Ben Manilla is an American broadcaster, audio producer, and teacher.  He has produced and directed award-winning radio programs.  His work in the late 1970s included the alternative news features, News Blimps, and music documentaries for WLIR, where he was production director and on-air personality.

In the 1980s, Manilla created news documentaries for WOR-AM, and helped develop programs at Radio Today, New York, including Flashback, Rock Stars with Timothy White, and Radio MTV.

In 1991, he moved to San Francisco and started Ben Manilla Productions which created national radio series including The House of Blues Radio Hour with Dan Aykroyd(with whom Manilla co-wrote the book Elwood's Blues: Interviews with the Blues Legends & Stars), Philosophy Talk with Stanford University, The Loose Leaf Book Company with Tom Bodett (syndicated to 227 stations with an audience of 250,000), and The Sounds of American Culture on National Public Radio's All Things Considered.
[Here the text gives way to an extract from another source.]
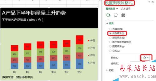 4.點擊設置圖表區格式——純色填充,就能對圖例的顏色進行置換。

Manilla's awards include Columbia University's Edward Howard Armstrong Award, the 2003 International Radio Festival Grand Award, Billboard magazine's Best Syndicated Radio Show, and the RTNDA Edward R. Murrow Award.

In 2003, he formed the multi-platform production and consulting company Media Mechanics with broadcast veterans Mike Henry and Paul Marszalek.

Since 2005, Manilla has been an instructor at UC Berkeley Graduate School of Journalism where he teaches Radio News Reporting.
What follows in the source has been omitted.